# Using LLMs to build extensions

Want to prototype an Interface Extension without writing code? You can use a generative AI model—like ChatGPT, Claude, or another LLM—to help you create functional extension code in minutes.

This guide walks you through how to use an LLM to generate the code for a custom Interface Extension using Airtable’s SDK.

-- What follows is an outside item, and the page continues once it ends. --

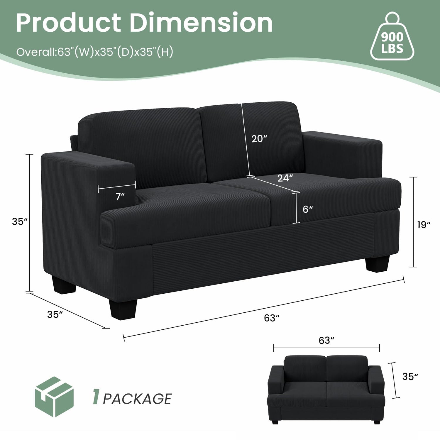 YOUDENOVA 63” Corduroy Loveseat Sofa Couch for Living Room, Small Couch with Deep Seat for Bedroom, Comfy Could Loveseat for Small Living Room, Black Corduroy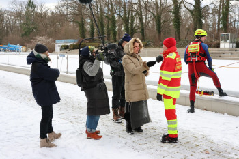 Kurzfristig stellten sich am 30.12.2025 mehrer DLRG'ler dem Bayerischen Rundfunk für ein Fernsehinterview über Gefahren am und auf dem Eis zur Verfügung, das am gleichen Abend in der Frankenschau gesendet wurde:

> 💡 This is an experimental approach and best suited for builders who want to explore ideas quickly, especially before investing in a full build.

## What you’ll need

* Access to a generative AI tool like ChatGPT, Claude, Gemini, Cursor or similar
* A CSV export of the Airtable data you want to use in your extension
* A local development environment set up with the Airtable Interface Extensions SDK
     (See the [Getting started guide](https://airtable.com/developers/interface-extensions/guides/getting-started.md))

## Step-by-step

1. Export your Airtable data as CSV.
     Pick a table or view and download it as a .csv file—this will help the LLM generate meaningful UI logic and structure.
2. Craft a prompt for the LLM.
     Include:
    * A short description of what you want the extension to do
    * A brief summary of your CSV structure (e.g., column names and types)
    * Any interaction patterns or UI you’d like to see
    * A clear instruction to generate a React component using the Airtable Blocks SDK

Here's an example prompt:

> *Given the Airtable Blocks SDK, generate a React component that builds a full-page extension. The extension should display a kanban board grouped by Status, showing Task name and Due date on each card. My data includes columns: Task name (text), Status (single select), and Due date (date).*

1. **Review and copy the code from the LLM**. The LLM should return a full React component that leverages the APIs provided by the Blocks SDK. It should follow the structure of a standard Airtable extension, including layout and data bindings.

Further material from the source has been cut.